Do not ask the annotator to guess the author’s intent. It is better to define one clear action right away: assign a separate label for missing context, send the case to arbitration, or open a neighboring document if that is allowed.

What should you do if a text fits two labels at once?

Set the order of choice in advance. For example, use the label based on the customer’s final goal, not on a random phrase inside the message. That way, mixed cases are handled the same way every time, not by gut feeling.

How do you run arbitration so it does not turn into an endless argument?

Collect all conflicts in one queue and ask annotators to briefly explain their choice using the rules. Then the arbiter checks the case against the rubric, records the decision next to the example, and writes down the reason so the same dispute does not return a week later.

When should you change the rules instead of just explaining them again to the team?

It is time to update the document if the same dispute keeps returning, arbiters disagree on similar examples, or one label turns into a catch-all for anything unclear. At that point, repeating the training rarely helps without changing the rules themselves.

How can you tell that the rubric became clearer after edits?

Check a new sample that the team has not seen before. If agreement before arbitration improves, the number of disputed cards drops, and rare cases become easier to read, the change worked.

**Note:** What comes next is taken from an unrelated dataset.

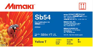 Mimaki Sb54 Yellow ink 2000cc (2L) Pouch (loose). Manufacturer Part Number: Sb54 2000cc Y (loose). Dye sublimation ink for large format inkjet prin...

Which mistakes most often damage labeling quality?

The process breaks when people make verbal agreements, change rules without writing them down, add a new label without examples, or leave old cheat sheets untouched. Then part of the team works from the file and part works from memory, and disagreements quickly grow.

Will another model or tool help if the team still disagrees?

Changing the model alone will not solve the problem. First remove ambiguity from the rubric, then compare models on the same set of cases. One shared gateway to different models is useful for this kind of check because the team can run the same examples through several options and more quickly see whether the rule or the model is failing.